- What is expected
All pictures must be dropped, while the entries are given again word for word.

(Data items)
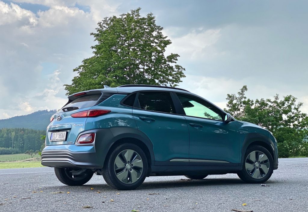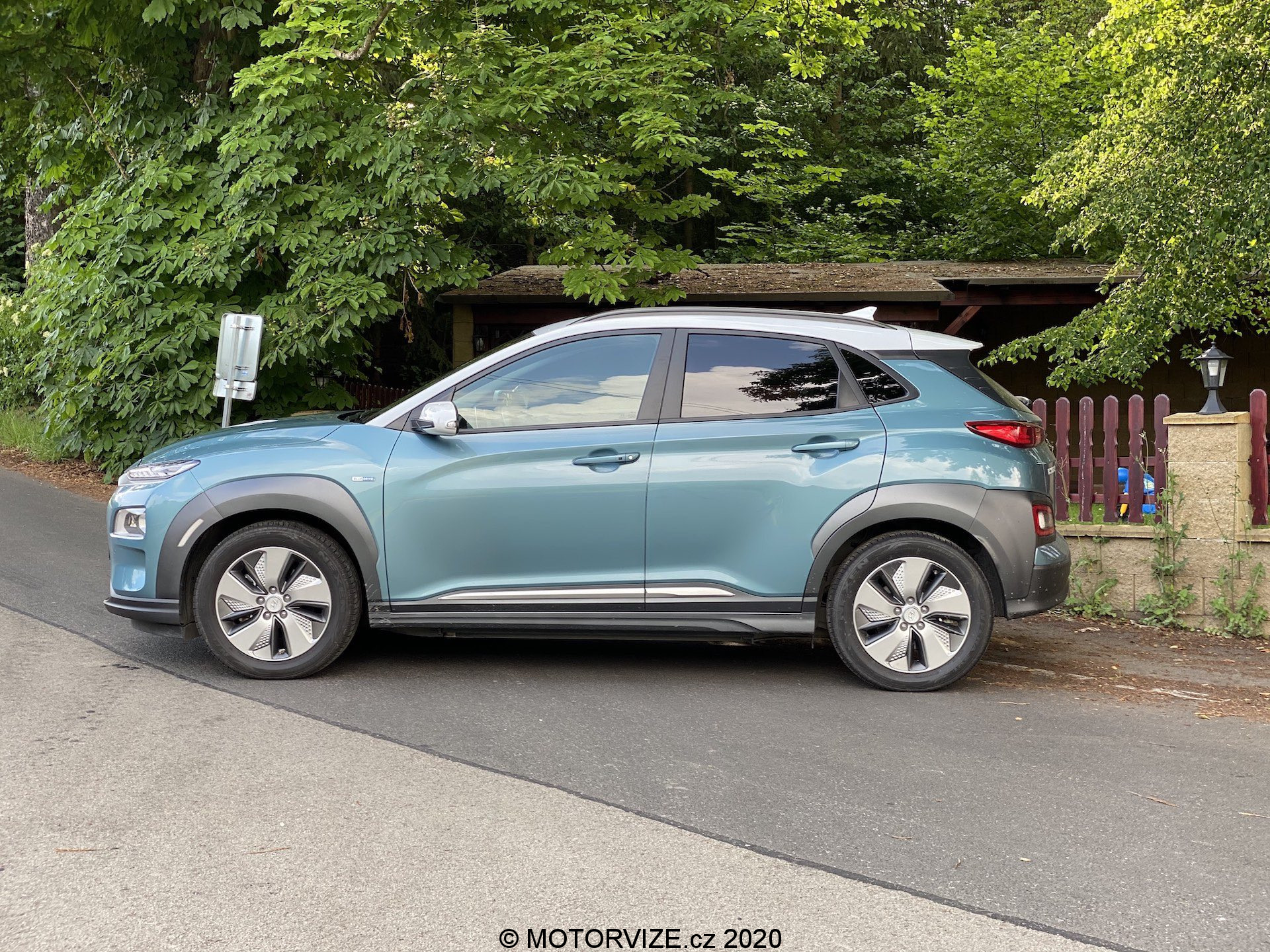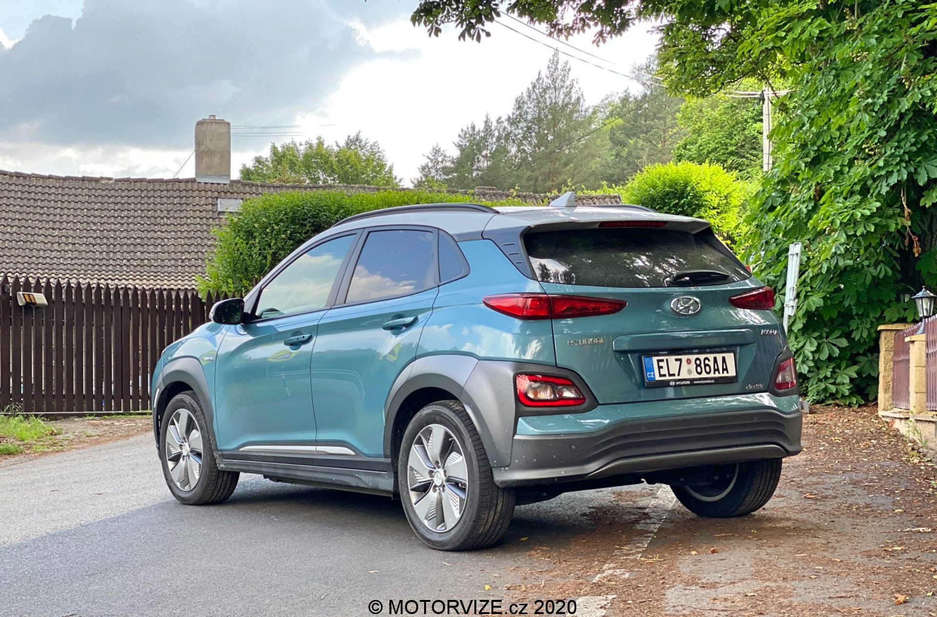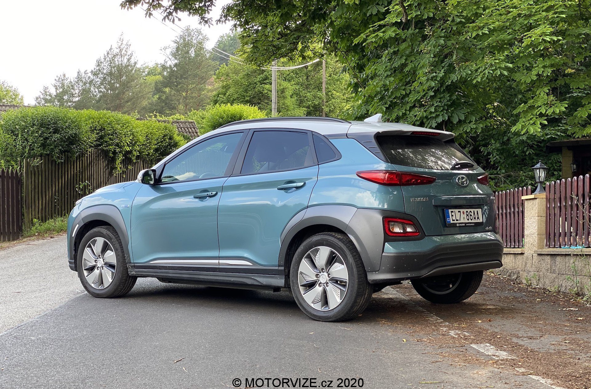 Boční pohled žádné velké překvapení neznamená – Kona tak, jak už ji dobře známe. Na druhou stranu díky odvážné barevné kombinaci exteriéru a doplňků (viz. galerie) vzniká pár zajímavých detailů. Především C-sloupek je ostře tvarovaný a velmi výrazný. Dále při bočním pohledu zaujme právě kombinace barev Ceramic Blue (dle barvoslepého oka motoristického redaktora spíše zelená / tyrkysová), bílé střechy a „anthracitových“ doplňků, jednoduše řečeno i v mých očích funguje. Proporčně je auto i díky větším kolům vyvážené a není důvod cokoliv kritizovat. Zadní část na mě působí nejslabším dojmem a příliš „nezaujala“. Na vzhled vozu si ostatně můžete udělat svůj názor poměrně snadno.
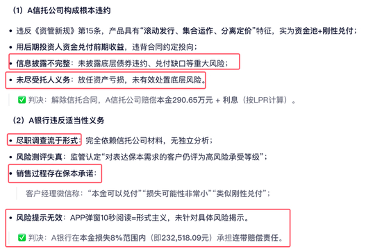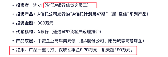 2 、在北京市东城区人民法院(2024)京0101民初18627号民事判决书中,根据一审判决查明的事实,A银行作为专业金融机构,对代销产品的相关风险评估和管理不够审慎,对涉及代销产品发行主体的负面消息未及时采取应对措施,在代销产品底层已经出现违约事件后仅援引A信托公司给予的信息,未经自主分析;未及时采取应对措施而仍向金融消费者进行销售,其行为也构成对适当义务的违反。沈×1举证的监管回复意见中还认定了A银行对投资者风险承受能力评估存在缺陷,该缺陷亦是A银行承担适当性义务的重要内容。
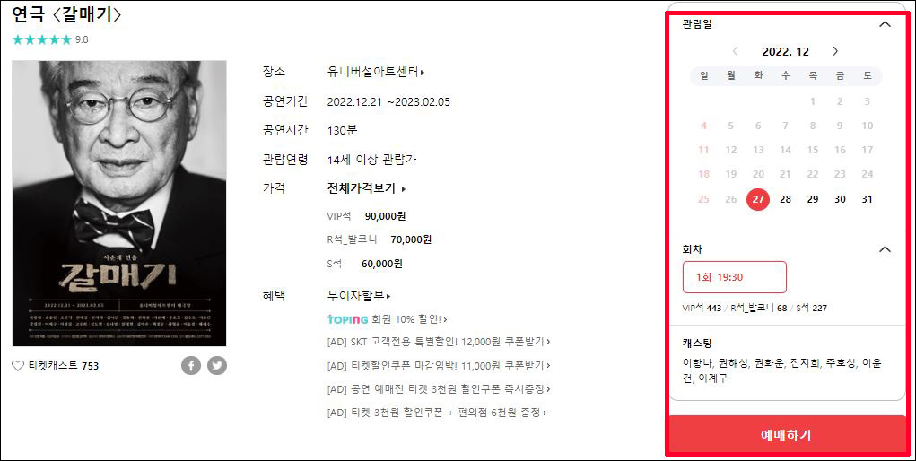 연극 갈매기는 인터파크티켓 홈페이지에서 예매가 가능하다. 아래의 통해 예매가 바로 가능하니 참고하시길 바란다.
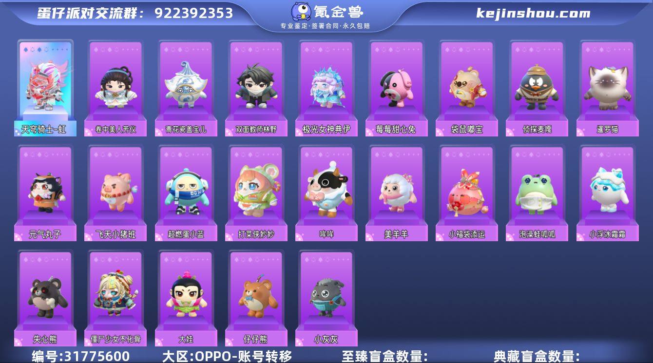 天穹骑士-虹 卷中美人芳仪,青花瓷盖宝儿,双面教师林野,极光女神典伊,超燃蛋小蓝,大娃,打菜侠妙妙,袋鼠嘟宝,飞天小猪班尼,僵尸少女不化骨,莓莓甜心兔,哞哞,美羊羊,泡澡蛙呱呱,失心熊,小浮冰霜霜,小福袋添运,小灰灰,暹罗猫,元气丸子,侦探麦嘎,仔仔熊 段位:三阶鸡蛋 卖家说:可砍价
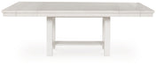 | Details | Made with rubberwood solids, ash veneer and MDF substrates, Antiqued white finish with grain texture, Tabletop with planked effect, Two 12" removable center leaves, Table extends to 86" overall by pulling both ends and dropping in leaves, Seats up to 8, Assembly required | |
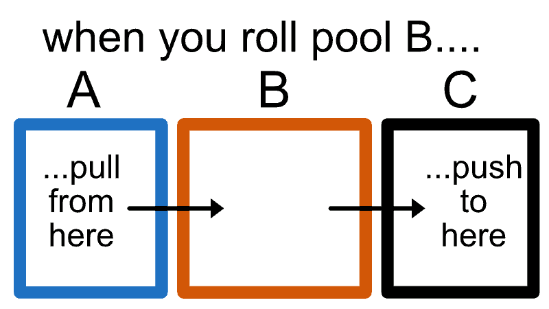Sometimes in the game, you pick a pool to roll, for whatever reason. For every die that shows 1–5, you “pull” 1d6 from the previous pool into the pool you rolled. For every die that shows 6, you “push” 1d6 from the pool you rolled into the next pool.
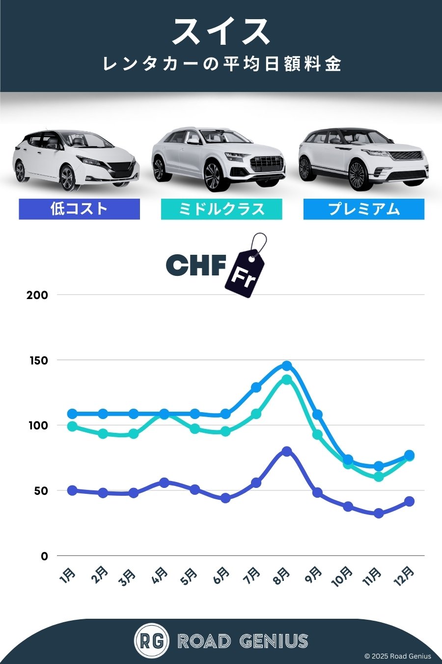 平均して、スイス のレンタカーは1日あたりCHF 83前後で、最安のレンタルは1日あたりCHF 32から利用できます。
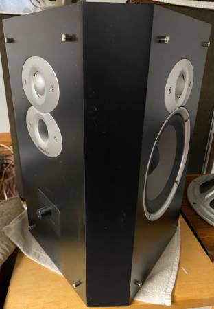 Nice pair of Polk two way loudspeakers. Both woofers and tweeters are fully working in each. Surrounds are rubber so never rotted foam to worry about. They are ported and designed to be wall hung, but just fine sitting on stands or on the floor.
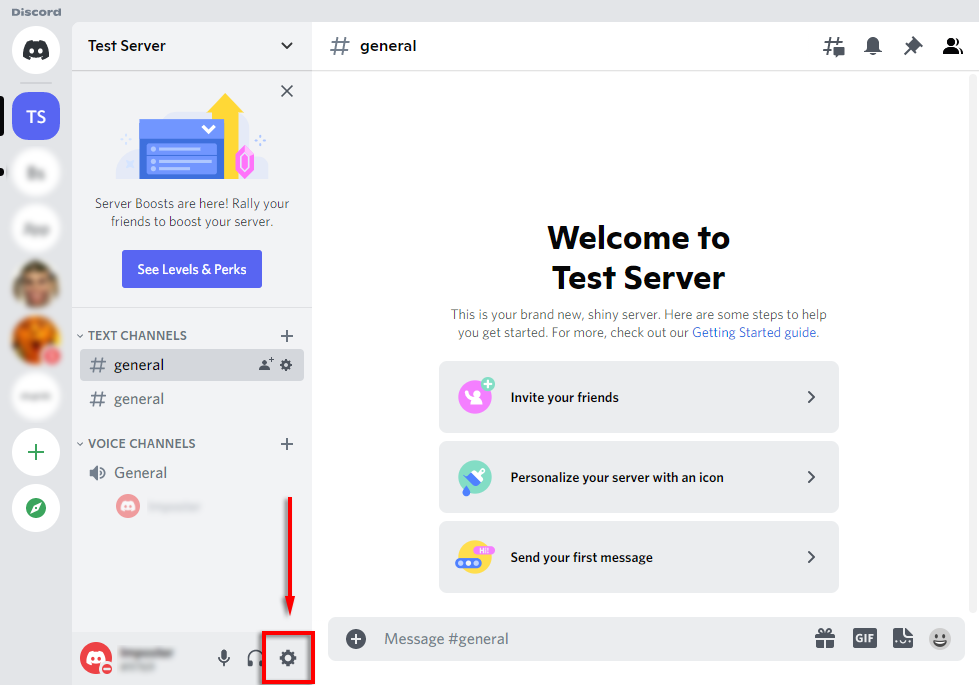 - Select Settings (the cog icon near your username).
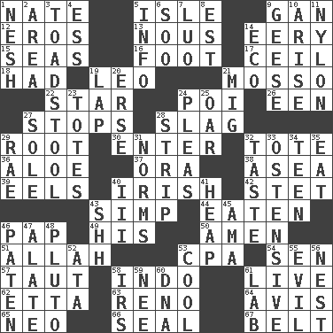 ACROSS 1. Nathan's nickname 5. Capri or Wight 9. Separate the seeds from cotton 12. Greek god of love 13. Horse sense 14. Suggestive of the supernatural 15. Oceans 16. Pick up the tab 17. To provide with a ceiling 18. Possessed 19. Lion 21. With motion or animation 22. Play the lead 24. Luau course 26. Car or cant ending 27. Discontinues 28. Volcanic refuse 29. Carrot, for example 30. Keyboard key 32. Carry 36. _ vera 37. Mouth or opening 38. At sea 39. Snakelike fish 40. From or relating to Ireland 42. Proofreading order 43. Simple or foolish person 44. Ingested 46. Infant food 49. Part of HMS, perhaps 50. So be it 51. Assad's deity 53. Accounting whiz (abbr.) 54. Elected rep. 57. Pulled tight 58. _ china 61. Not recorded 62. Singer James 63. Former U.S. Attorney General Janet 64. Deliberation 65. Modern: prefix 66. Lick closed 67. Waist strap DOWN 1. Tender 2. Type of rug 3. Inedible or poisonous agaric 4. Curvy letter 5. Information 6. "Barney Miller" actor Jack 7. Nilotic language 8. Eastern Standard Time (abbr.) 9. Honkers 10. Originate 11. Thermoplastic polyamide 14. Environmental prefix 19. Infant locale 20. Celtic language 21. Russian fighter aircraft 23. Hauls 24. Entreaties 25. Boat paddle 27. Flatfish 28. Remove all contents or possession from 29. Actress Charlotte 31. Typical models 32. Clothes sense 33. Clearly or manifestly demonstrative 34. Adolescent 35. Consume 40. One more than two 41. Pile 43. Quiet! 45. Wet nurse (var.) 46. Eucharist need 47. Having winglike extensions 48. Mickey's pet 52. "One Day ___ Time" 53. Calm and collected 55. Tending to cause great harm 56. A home for chicks 58. Big collection agency 59. Born 60. Heredity factor (abbr.) 61. Experiment locale
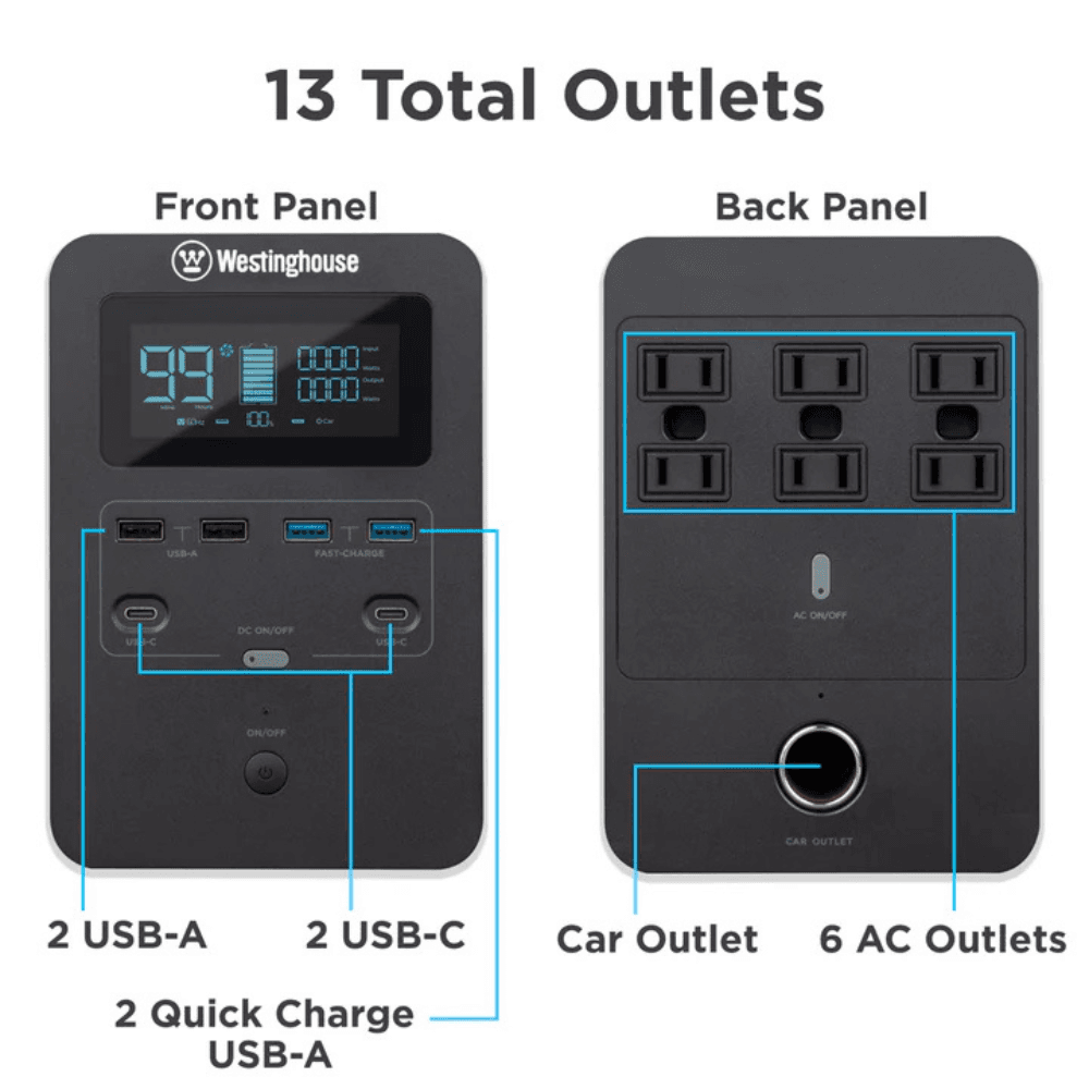 Features a variety of output ports including standard AC outlets, USB ports, and a DC port. This versatility allows you to power or charge laptops, smartphones, lights, and more—all from one unit.

- Response for this exercise
 Boční pohled žádné velké překvapení neznamená – Kona tak, jak už ji dobře známe. Na druhou stranu díky odvážné barevné kombinaci exteriéru a doplňků (viz. galerie) vzniká pár zajímavých detailů. Především C-sloupek je ostře tvarovaný a velmi výrazný. Dále při bočním pohledu zaujme právě kombinace barev Ceramic Blue (dle barvoslepého oka motoristického redaktora spíše zelená / tyrkysová), bílé střechy a „anthracitových“ doplňků, jednoduše řečeno i v mých očích funguje. Proporčně je auto i díky větším kolům vyvážené a není důvod cokoliv kritizovat. Zadní část na mě působí nejslabším dojmem a příliš „nezaujala“. Na vzhled vozu si ostatně můžete udělat svůj názor poměrně snadno.
 2 、在北京市东城区人民法院(2024)京0101民初18627号民事判决书中,根据一审判决查明的事实,A银行作为专业金融机构,对代销产品的相关风险评估和管理不够审慎,对涉及代销产品发行主体的负面消息未及时采取应对措施,在代销产品底层已经出现违约事件后仅援引A信托公司给予的信息,未经自主分析;未及时采取应对措施而仍向金融消费者进行销售,其行为也构成对适当义务的违反。沈×1举证的监管回复意见中还认定了A银行对投资者风险承受能力评估存在缺陷,该缺陷亦是A银行承担适当性义务的重要内容。
 연극 갈매기는 인터파크티켓 홈페이지에서 예매가 가능하다. 아래의 통해 예매가 바로 가능하니 참고하시길 바란다.
 天穹骑士-虹 卷中美人芳仪,青花瓷盖宝儿,双面教师林野,极光女神典伊,超燃蛋小蓝,大娃,打菜侠妙妙,袋鼠嘟宝,飞天小猪班尼,僵尸少女不化骨,莓莓甜心兔,哞哞,美羊羊,泡澡蛙呱呱,失心熊,小浮冰霜霜,小福袋添运,小灰灰,暹罗猫,元气丸子,侦探麦嘎,仔仔熊 段位:三阶鸡蛋 卖家说:可砍价
 | Details | Made with rubberwood solids, ash veneer and MDF substrates, Antiqued white finish with grain texture, Tabletop with planked effect, Two 12" removable center leaves, Table extends to 86" overall by pulling both ends and dropping in leaves, Seats up to 8, Assembly required | |
Sometimes in the game, you pick a pool to roll, for whatever reason. For every die that shows 1–5, you “pull” 1d6 from the previous pool into the pool you rolled. For every die that shows 6, you “push” 1d6 from the pool you rolled into the next pool.
 平均して、スイス のレンタカーは1日あたりCHF 83前後で、最安のレンタルは1日あたりCHF 32から利用できます。
 Nice pair of Polk two way loudspeakers. Both woofers and tweeters are fully working in each. Surrounds are rubber so never rotted foam to worry about. They are ported and designed to be wall hung, but just fine sitting on stands or on the floor.
 - Select Settings (the cog icon near your username).
 ACROSS 1. Nathan's nickname 5. Capri or Wight 9. Separate the seeds from cotton 12. Greek god of love 13. Horse sense 14. Suggestive of the supernatural 15. Oceans 16. Pick up the tab 17. To provide with a ceiling 18. Possessed 19. Lion 21. With motion or animation 22. Play the lead 24. Luau course 26. Car or cant ending 27. Discontinues 28. Volcanic refuse 29. Carrot, for example 30. Keyboard key 32. Carry 36. _ vera 37. Mouth or opening 38. At sea 39. Snakelike fish 40. From or relating to Ireland 42. Proofreading order 43. Simple or foolish person 44. Ingested 46. Infant food 49. Part of HMS, perhaps 50. So be it 51. Assad's deity 53. Accounting whiz (abbr.) 54. Elected rep. 57. Pulled tight 58. _ china 61. Not recorded 62. Singer James 63. Former U.S. Attorney General Janet 64. Deliberation 65. Modern: prefix 66. Lick closed 67. Waist strap DOWN 1. Tender 2. Type of rug 3. Inedible or poisonous agaric 4. Curvy letter 5. Information 6. "Barney Miller" actor Jack 7. Nilotic language 8. Eastern Standard Time (abbr.) 9. Honkers 10. Originate 11. Thermoplastic polyamide 14. Environmental prefix 19. Infant locale 20. Celtic language 21. Russian fighter aircraft 23. Hauls 24. Entreaties 25. Boat paddle 27. Flatfish 28. Remove all contents or possession from 29. Actress Charlotte 31. Typical models 32. Clothes sense 33. Clearly or manifestly demonstrative 34. Adolescent 35. Consume 40. One more than two 41. Pile 43. Quiet! 45. Wet nurse (var.) 46. Eucharist need 47. Having winglike extensions 48. Mickey's pet 52. "One Day ___ Time" 53. Calm and collected 55. Tending to cause great harm 56. A home for chicks 58. Big collection agency 59. Born 60. Heredity factor (abbr.) 61. Experiment locale
 Features a variety of output ports including standard AC outlets, USB ports, and a DC port. This versatility allows you to power or charge laptops, smartphones, lights, and more—all from one unit.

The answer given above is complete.